__ACTIVITY__. Give every line of the data again, unchanged, but with no pictures.

__COLLECTED MATERIAL__.
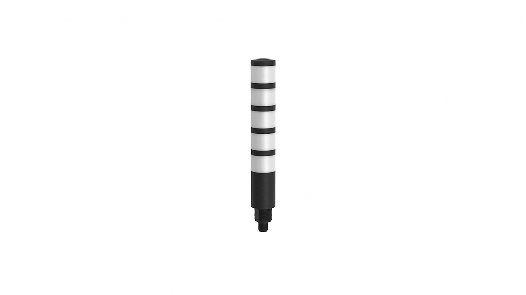 Torretta di segnalazione LED a 5 elementi, tensione di alimentazione 12-30 V dc, colori lenti blu, verde, rosso, bianco, giallo. Modello TL30, montaggio su base, senza assemblaggio richiesto. Indicatori luminosi grigi quando disattivati per ridurre falsi segnali. Prodotto robusto e facile da installare, ideale per impieghi generali. Marca Banner.
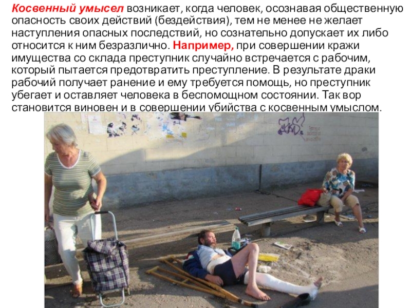 своих действий (бездействия), тем не менее не желает наступления опасных последствий, но сознательно допускает их либо относится к ним безразлично. Например, при совершении кражи имущества со склада преступник случайно встречается с рабочим, который пытается предотвратить преступление. В результате драки рабочий получает ранение и ему требуется помощь, но преступник убегает и оставляет человека в беспомощном состоянии. Так вор становится виновен и в совершении убийства с косвенным умыслом.
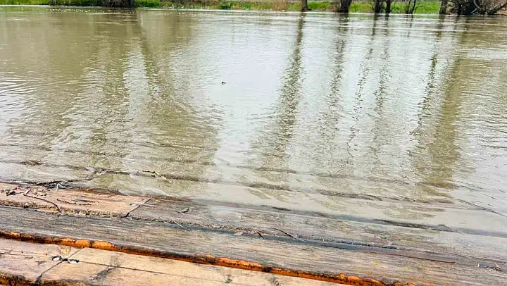 Karların erimesi ve artan su seviyesi nedeniyle ırmak çevresindeki alanlarda su baskınları oluşurken, ortaya çıkan görüntüler taşkının boyutunu gözler önüne serdi.

__RESPONSE__.
 Torretta di segnalazione LED a 5 elementi, tensione di alimentazione 12-30 V dc, colori lenti blu, verde, rosso, bianco, giallo. Modello TL30, montaggio su base, senza assemblaggio richiesto. Indicatori luminosi grigi quando disattivati per ridurre falsi segnali. Prodotto robusto e facile da installare, ideale per impieghi generali. Marca Banner.
 своих действий (бездействия), тем не менее не желает наступления опасных последствий, но сознательно допускает их либо относится к ним безразлично. Например, при совершении кражи имущества со склада преступник случайно встречается с рабочим, который пытается предотвратить преступление. В результате драки рабочий получает ранение и ему требуется помощь, но преступник убегает и оставляет человека в беспомощном состоянии. Так вор становится виновен и в совершении убийства с косвенным умыслом.
 Karların erimesi ve artan su seviyesi nedeniyle ırmak çevresindeki alanlarda su baskınları oluşurken, ortaya çıkan görüntüler taşkının boyutunu gözler önüne serdi.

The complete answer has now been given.